Culture Vulture: Elizabeth Smart creates a stir at D.C. correspondent's dinner
This is an archived article that was published on sltrib.com in 2005, and information in the article may be outdated. It is provided only for personal research purposes and may not be reprinted.

Elizabeth Smart, who was kidnapped from her Salt Lake City bedroom three years ago next month, caused a stir Saturday night when she appeared at the annual White House Correspondents' dinner in Washington, D.C. The Utah teen and her parents were there as guests of People magazine, which named her one of its "50 Most Beautiful People" in its current special issue.

Elizabeth, 17, joined Jane Fonda, Richard Gere, first lady Laura Bush and hundreds of journalist slobs at the dinner, held at a Washington hotel. She wore a sequined red sleeveless dress and, according to witnesses, looked tall in her heels. Her mother, Lois, wore a cream-colored evening gown; this being a formal shindig, her dad, Ed, sported a tux.

"Is it just me, or is it weird that she's here?" asked one appalled father at the event, according to a gossip column in Monday's Washington Post.

"No, it's officially weird," responded the Post columnist.

The current People, which hit newsstands Friday, features a full-page photo of Smart, her blonde hair styled with wavy curls, posing in her home next to her now-famous harp.

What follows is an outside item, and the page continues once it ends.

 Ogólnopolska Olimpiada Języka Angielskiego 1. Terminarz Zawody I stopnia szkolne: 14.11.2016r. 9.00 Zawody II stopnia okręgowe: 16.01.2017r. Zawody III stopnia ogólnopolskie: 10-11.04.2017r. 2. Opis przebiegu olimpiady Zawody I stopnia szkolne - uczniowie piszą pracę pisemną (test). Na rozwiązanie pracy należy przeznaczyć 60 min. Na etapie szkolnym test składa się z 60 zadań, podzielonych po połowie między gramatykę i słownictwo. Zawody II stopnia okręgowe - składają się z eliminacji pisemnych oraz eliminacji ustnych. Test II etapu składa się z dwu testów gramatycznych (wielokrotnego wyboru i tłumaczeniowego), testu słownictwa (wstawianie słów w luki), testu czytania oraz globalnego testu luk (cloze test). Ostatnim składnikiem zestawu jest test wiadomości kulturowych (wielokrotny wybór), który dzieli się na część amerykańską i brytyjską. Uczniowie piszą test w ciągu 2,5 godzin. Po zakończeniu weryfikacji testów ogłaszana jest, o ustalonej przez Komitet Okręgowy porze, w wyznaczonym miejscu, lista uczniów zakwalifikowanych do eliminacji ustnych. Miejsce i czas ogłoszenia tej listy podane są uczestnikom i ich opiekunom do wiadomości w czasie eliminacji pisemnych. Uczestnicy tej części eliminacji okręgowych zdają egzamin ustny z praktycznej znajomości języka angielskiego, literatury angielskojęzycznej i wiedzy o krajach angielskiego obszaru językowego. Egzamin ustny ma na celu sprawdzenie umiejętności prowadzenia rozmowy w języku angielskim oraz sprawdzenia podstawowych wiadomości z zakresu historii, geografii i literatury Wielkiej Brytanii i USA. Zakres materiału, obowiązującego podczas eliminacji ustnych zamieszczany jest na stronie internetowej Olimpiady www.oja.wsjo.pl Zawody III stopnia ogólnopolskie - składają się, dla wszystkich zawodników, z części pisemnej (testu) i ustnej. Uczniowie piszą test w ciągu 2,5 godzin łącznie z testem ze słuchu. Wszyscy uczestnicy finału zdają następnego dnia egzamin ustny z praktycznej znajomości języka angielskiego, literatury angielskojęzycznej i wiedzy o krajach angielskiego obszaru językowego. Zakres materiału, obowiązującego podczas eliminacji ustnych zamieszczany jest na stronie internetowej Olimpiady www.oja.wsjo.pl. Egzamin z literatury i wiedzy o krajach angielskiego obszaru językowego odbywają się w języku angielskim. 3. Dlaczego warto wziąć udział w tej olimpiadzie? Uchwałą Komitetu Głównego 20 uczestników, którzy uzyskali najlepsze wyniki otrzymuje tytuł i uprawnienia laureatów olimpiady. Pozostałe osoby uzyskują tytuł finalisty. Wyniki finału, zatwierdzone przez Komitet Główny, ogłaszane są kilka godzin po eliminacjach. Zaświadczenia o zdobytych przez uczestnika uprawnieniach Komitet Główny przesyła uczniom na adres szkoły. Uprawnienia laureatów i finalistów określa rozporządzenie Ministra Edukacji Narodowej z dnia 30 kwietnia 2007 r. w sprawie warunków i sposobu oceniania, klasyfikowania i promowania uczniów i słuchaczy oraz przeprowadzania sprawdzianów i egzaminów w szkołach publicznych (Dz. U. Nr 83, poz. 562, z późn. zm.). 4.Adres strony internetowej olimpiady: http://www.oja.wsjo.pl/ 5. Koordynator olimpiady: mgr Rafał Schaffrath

"It's a nice thing to have happen to her at this time," Ed Smart told The Associated Press about his daughter being named on the magazine's "Most Beautiful People" list. "She was, of course, surprised. It was great for her self-image."

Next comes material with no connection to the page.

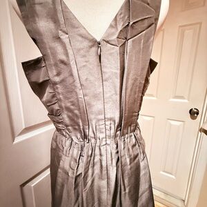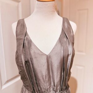Chic silk gray mini dress with a sleeveless design. Side zipper. Can be worn with a nice belt. Fully lined. Perfect for stylish outings.

The accompanying People text includes Elizabeth's tips on playing the harp ("You have to have short fingernails or they'd just break off, and you can't wear red polish - it looks like your fingers are bleeding"). Smart adds that all the indoor harp-practicing makes her "pale in the summer," but that's OK because she'd "rather take care of my skin."

Hard-hitting questioners, those People reporters. What, no queries about her makeup, her hobbies or her pets?

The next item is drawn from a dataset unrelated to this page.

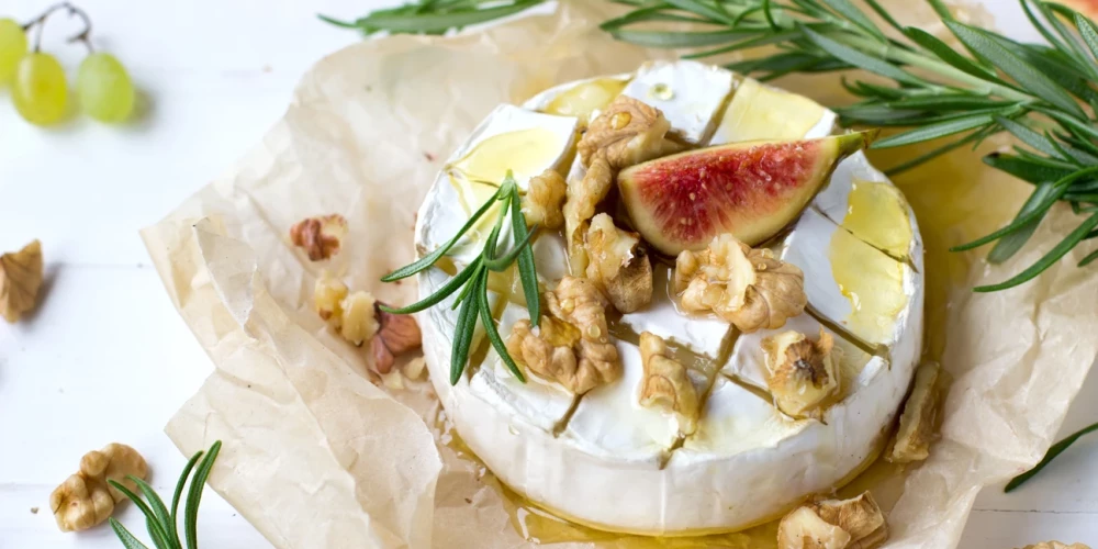 Krāsnī cepts kamambērs ar augļiem un riekstiem

I'll take know-it-all geeks for $500, Alex! "Saturday's Voyeur," the Salt Lake Acting Company's annual stage spoof of the year in Utah news and culture, opens next month. But let's be honest: These past 12 months, lacking such rich fodder as Olympic bribery scandals or strip clubs in the shadow of Temple Square, have been rather dull. (And, if you're a liberal or a Bush-hater, depressing.) So the show's creators, who write "Voyeur" from scratch each spring, have a challenge on their hands this year.

Then again, we should know by now never to underestimate the inventive satirical minds of co-writers Nancy Borgenicht and Allen Nevins. Word is that "Voyeur '05" features a hip-hop theme and will lampoon "Jeopardy!" champ Ken Jennings.

Sticking around: To the annals of obsessively observed anniversaries, add this one: The Post-it Note is 25. Yup, those sticky yellow squares, which cover your desk until they lose their impact by blending in with the rest of your clutter, are a quarter-century old.

To celebrate this historic milestone, the fine folks at 3M sent us these Post-it Note fun facts:

* Post-it Notes in China and Japan are narrow strips to accommodate their citizens' vertical style of writing.

* A Post-it Note featuring a charcoal-and-pastel drawing once sold during an online auction for $925.

* A 1998 workplace survey found that the average U.S. professional received 11 messages on Post-it Notes each day. (Of course, that was before everyone communicated via e-mail.)

* Airport ground crews in Minneapolis in 1996 once discovered a Post-it Note stuck to the nose of a plane after its flight from Las Vegas. The note, which was intended for the Las Vegas ground crew, survived speeds of 500 mph and temperatures of minus 56 degrees.